The first phase upgrade began in 2004 and is scheduled for completion by 2010. It includes a new 380,000-square-foot North Concourse, a new Terminal B, the demolition of Terminal C, and upgrades to Terminal A. Roadways at and to the airport will be upgraded, and a new 3,400-space parking garage will be built. Terminal A improvements and Terminal B construction will start in 2008. Terminal C is set for demolition in 2010.
Recently the new $355-million North Concourse celebrated its midway topping out with a dedication by the airports' namesake, Norman Y. Mineta, former mayor of San José, as well as former U.S. Secretary of Transportation. The new facility will eventually feature nine new commercial aircraft gates, passenger hold rooms, state-of-the-art baggage security systems, and other passenger amenities. The North Concourse should be ready for air traffic by late 2008, according to Gary Lamb, project executive with Gilbane Building Company, the construction manager.

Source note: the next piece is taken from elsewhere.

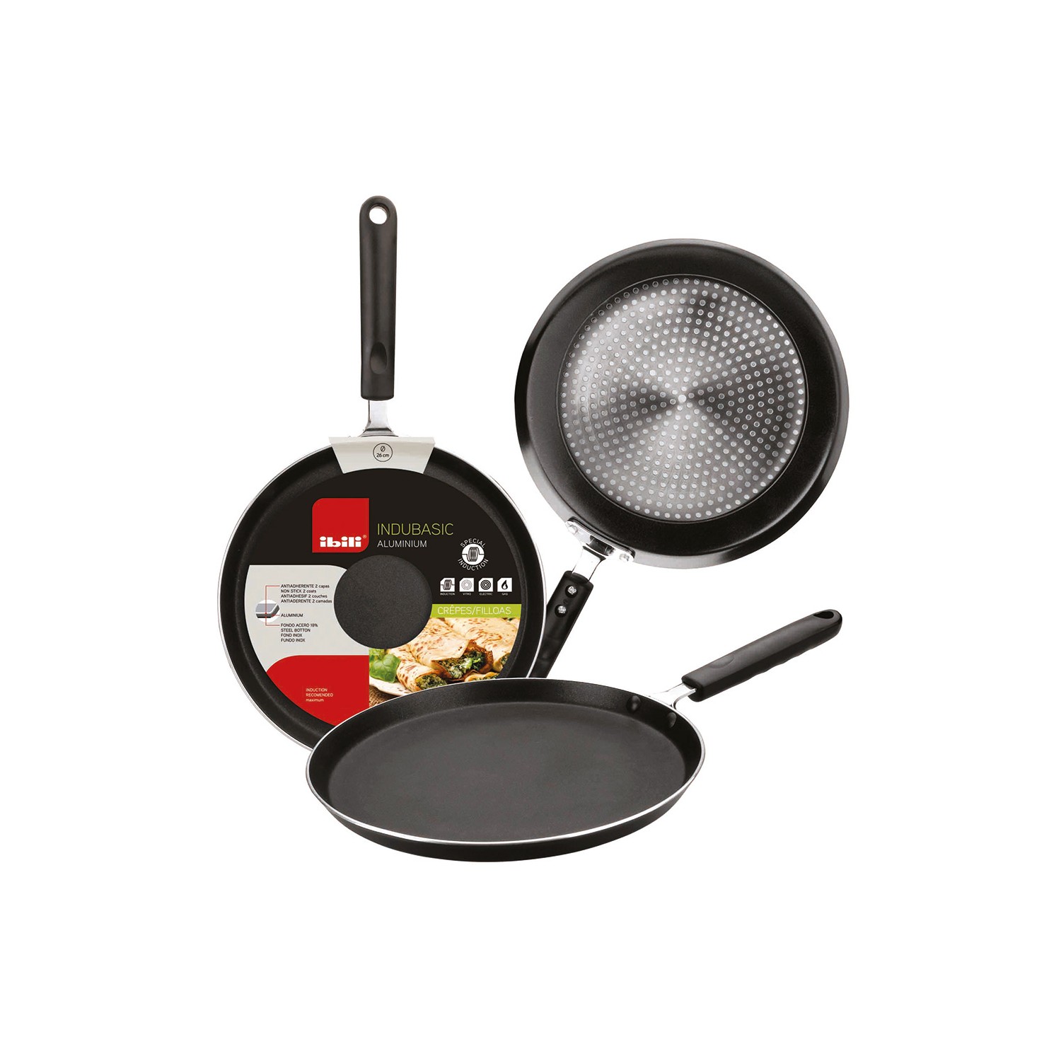 Crepera de aluminio para inducción, vitro, gas, eléctrico con mango de baquelita sin pfoa. medida: 26 cm
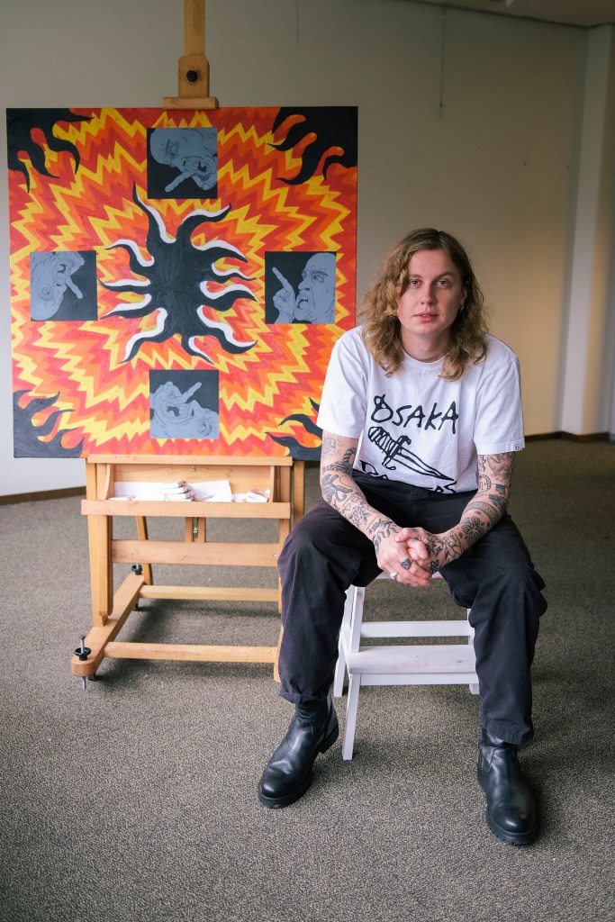 Oil pastels and paint marker on 100×100 canvas.

New Concourse Construction
Lamb says of the airport construction site, "It's a tight site — every day is kind of like a 'Rubik's Cube' to coordinate working with the array of contractors and the subs." Tony Kostakis, Gilbane construction manager for the new concourse, described some of the challenges of the early construction:
"The basement area was excavated approximately 25 feet below grade. We off-hauled 150,000 cubic yards to a city-owned site." Then there was the critical issue of keeping the water table at bay.
"The dewatering consisted of 54 deep wells that pumped 700 million gallons of water over a 700-day time period, through 12-inch pipe that ran the entire perimeter of the excavation, into five each Baker tanks. These filtered the water before it was transferred 'clean' into the Guadaloupe River," he said.
"The waterproofing consisted of a Laurenco three-ply waterproofing membrane with a mastic adhesive. The waterproofing membrane made the entire basement level like a bathtub/water balloon. The waterproofing application was below the concrete and then continued to the first floor slab, totally enclosing all the concrete."
The basement floor is a 3-foot-thick reinforced concrete slab. The walls are 18-inch-thick double mat reinforcing with shot-crete walls.
Kostakis said there is the normal fleet of excavators, backhoes, man-lifts, concrete pumps trucks, cranes, skid steers, etc. being used, but, "The proximity of the cranes used required a permit (7460) issued by the FAA," he said. "A major challenge was that the building connects to the two adjacent buildings (north and south). This necessitated either night-time airside deliveries, to not interfere with aircraft traffic movement, or else the construction of three shored bridges over the first-floor concrete deck. We chose the bridge method. These were removed as the structural steel was erected from north to south."
Kostakis said the entire project is proceeding on a fast-track schedule.